Le tennis à la plage

Discipline arrivée il y a une petite année en Principauté, le beach-tennis connaît un certain essor depuis sa mise en place.

Si l'été a rendu ses derniers soupirs récemment, la douceur automnale permet de jouer les prolongations. Et la plage du Larvotto est habituée à voir quelques courageux et courageuses venir pratiquer, toute l'année, des disciplines sportives de plage. Le beach-volley est bien entendu la plus connue. Mais les beacheurs partagent leurs installations depuis quelques mois avec d'autres aficionados.
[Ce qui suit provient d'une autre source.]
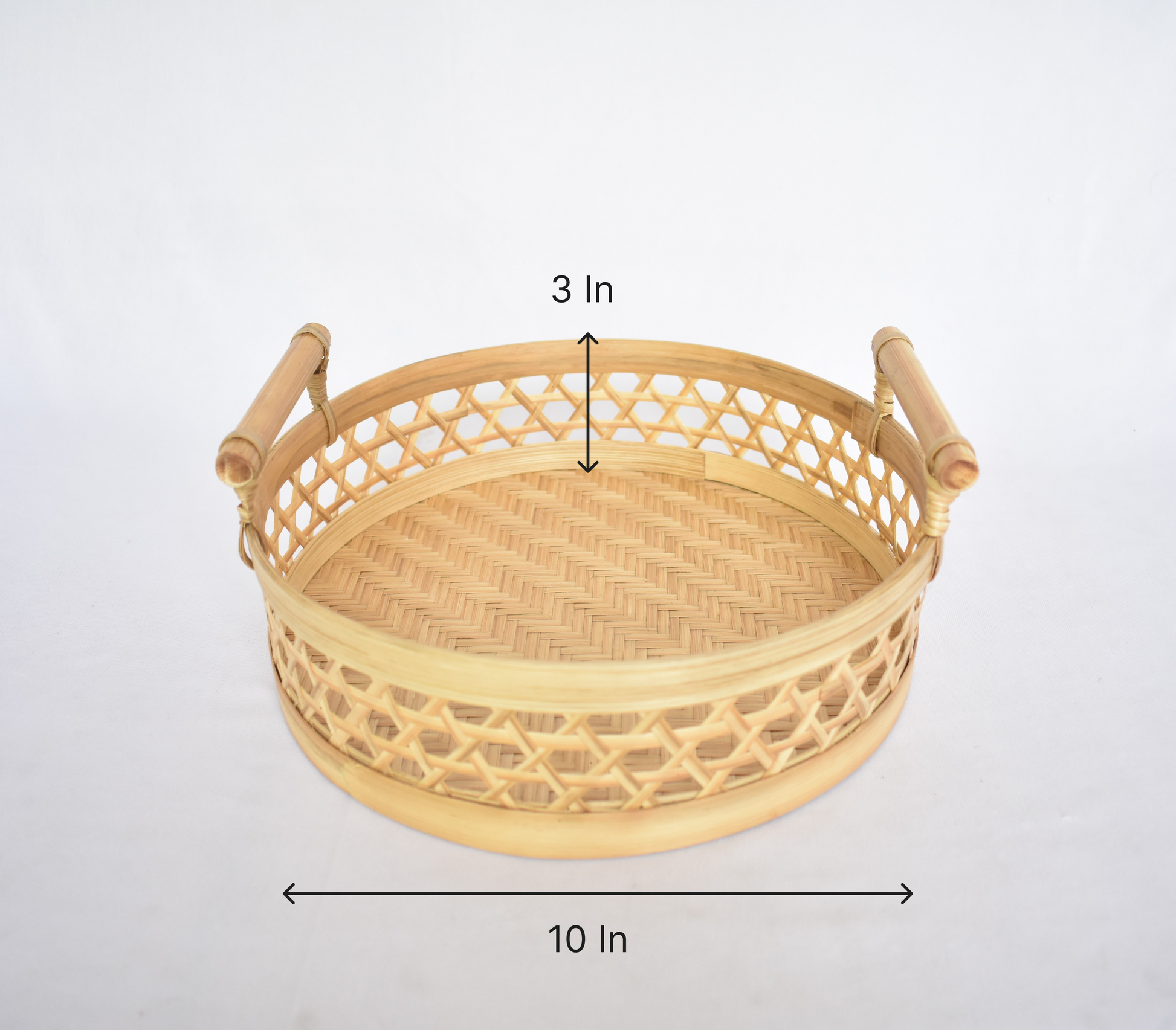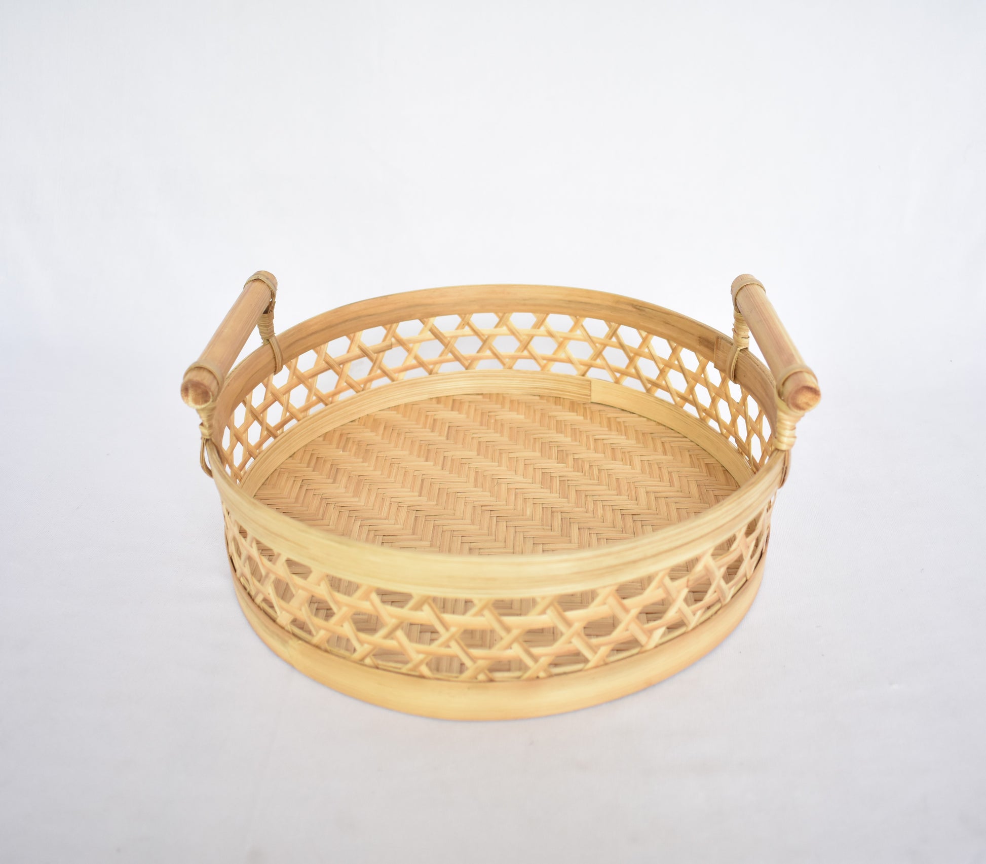 Handcrafted bamboo tray with sturdy handles, perfect for serving or organizing with style.

Ceux-là ne sont pas spécialement portés sur le ballon, mais plutôt sur des jeux de balles et de raquettes.  "Le beach-tennis est une discipline née en Italie à la fin des années 70, début 80. Ça s'est ensuite exporté vers le Brésil et les Etats-Unis", glisse Kevin Pimblett, l'un des deux hommes à la base du projet beach-tennis Monaco. 

Une histoire de copains

Le sport est un vecteur de partage. Et le beach-tennis n'échappe pas à la règle. Natif du coin et ayant grandi à Monaco, Kevin Pimblett a rapidement eu envie de voir ce jeu de raquettes s'implanter en Principauté. Parti s'installer à la Réunion il y a 4 ans, c'est là qu'il découvre le beach-tennis, un mix entre tennis, padel, badminton et beach-volley. "Six mois après mon arrivée là-bas, j'ai découvert ce sport et cela a comblé un manque que je ressentais depuis mon arrêt du tennis. J'ai vite débuté en compétition et l'envie de le faire découvrir dans mon pays d'origine est arrivée très vite aussi", raconte celui qui est aujourd'hui dans le Top 100 français de la discipline.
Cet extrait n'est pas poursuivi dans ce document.